As work-groups are independent, they are executed concurrently by different
(hardware) threads. Therefore, the number of work-groups should be not
less than the number of compute units. To query the exact number of compute
units use clGetDeviceInfo
with the CL_DEVICE_MAX_COMPUTE_UNITS
parameter. A larger number of work-groups results in more flexibility
in scheduling, especially for kernels with small amount of computations,
for which the amount of work-groups can be up to 5-10 times more than
the number of compute units.
Also notice that in the opposite case, when the number of work-groups
is relatively small, in compare to, for example the value of CL_DEVICE_MAX_COMPUTE_UNITS
,
then even a small change in the work-groups amount can result in a significant
performance change.
For example, if you run a number of work-groups that equals to CL_DEVICE_MAX_COMPUTE_UNITS
,
then each compute unit process exactly one work-group. So in ideal conditions
all threads finish at the same time. Now consider the case, when work-group
size is changed, so that CL_DEVICE_MAX_COMPUTE_UNITS+1
work-groups
are executed instead.

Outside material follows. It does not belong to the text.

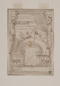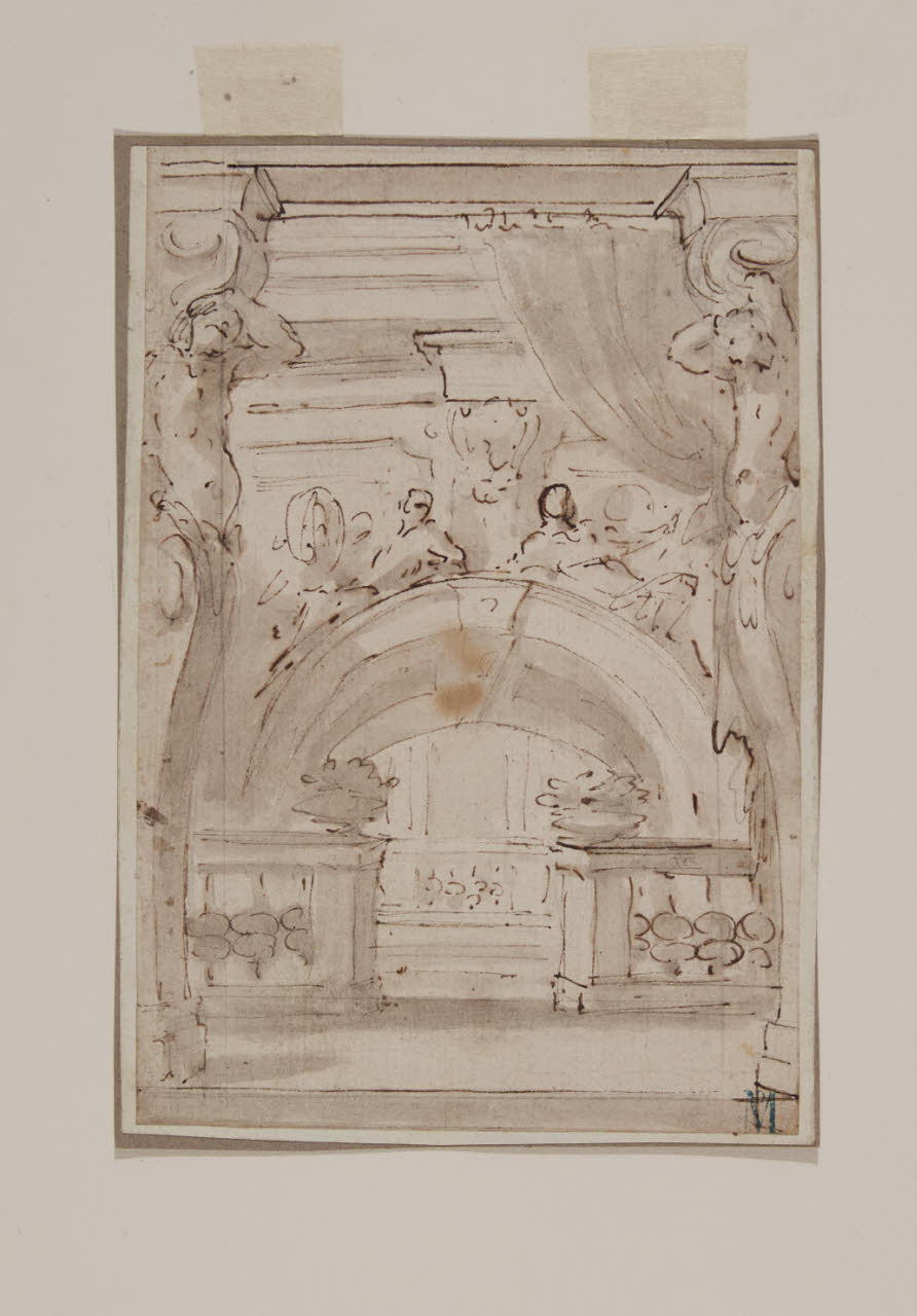 Decorazione scenografica con telamoni, arcone, balaustra. Decorazione scenografica con telamoni, arcone, balaustra
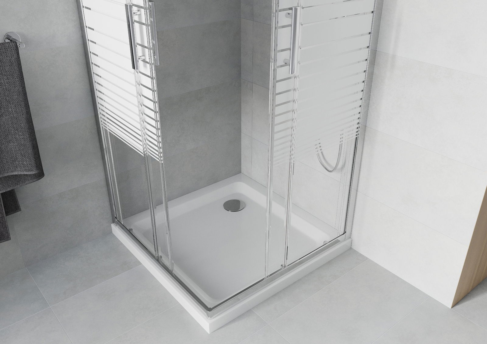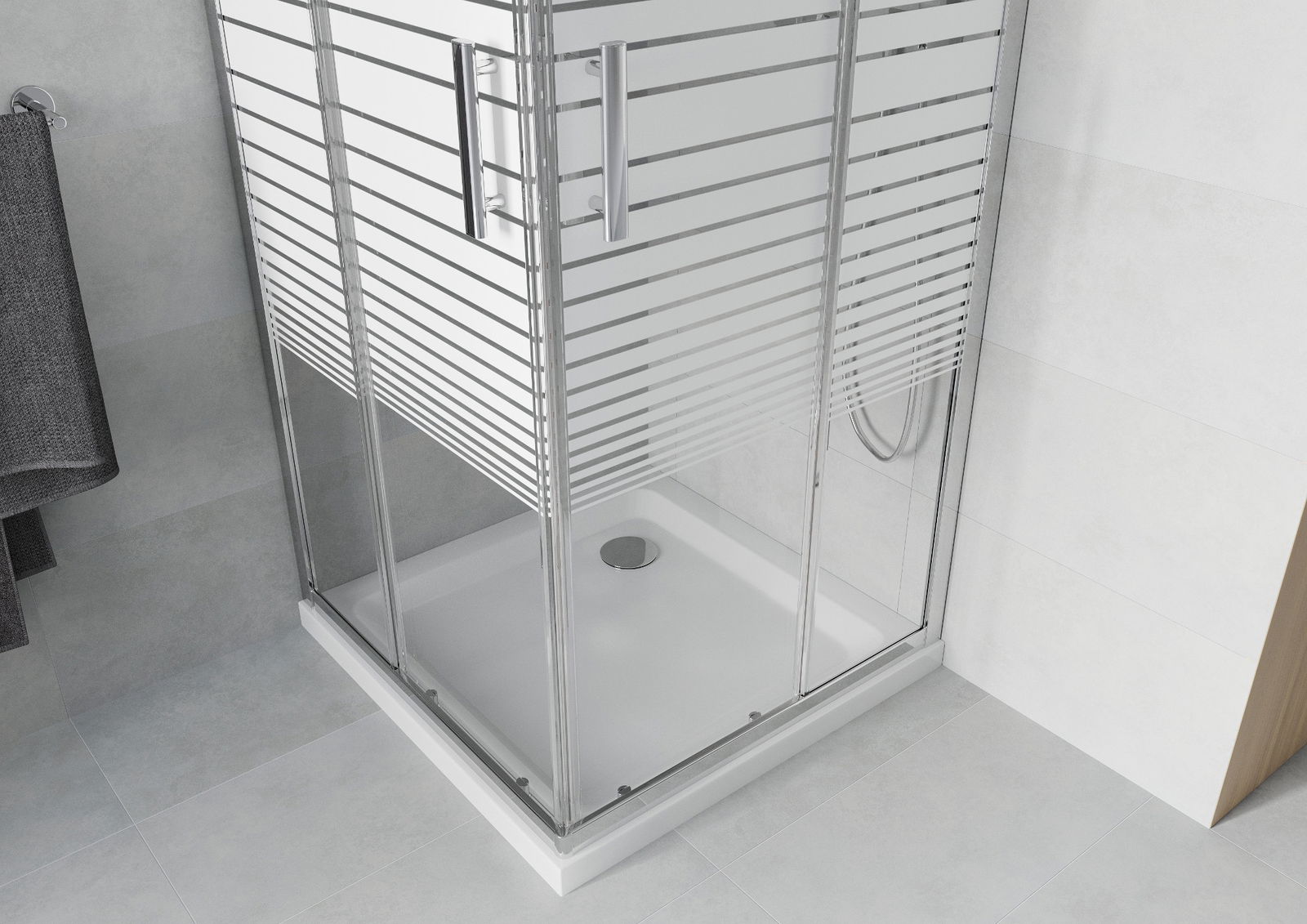 Mexen Rio kvadratinis dušo kabinas 70 x 70 cm, baltos juostos, chromas + plokščias padėklas, baltas - 860-070-070-01-20-4010

In such case, one thread does two times more job
than the others, which might double the overall execution time. Some inherent
threads divergence might hide the effect. The negative effect of “outstanding”
work-groups is less and less pronounced as the number of work-groups grows,
since imbalance is decreasing at a same pace.
You should keep the number of work-groups bigger than the number of compute units, or at least equal to the number of compute units.
To achieve better performance and parallelism between work-groups, ensure that execution of a work-group takes more than 100,000 clock cycles. A smaller value increases the proportion of switching overhead compared to actual work.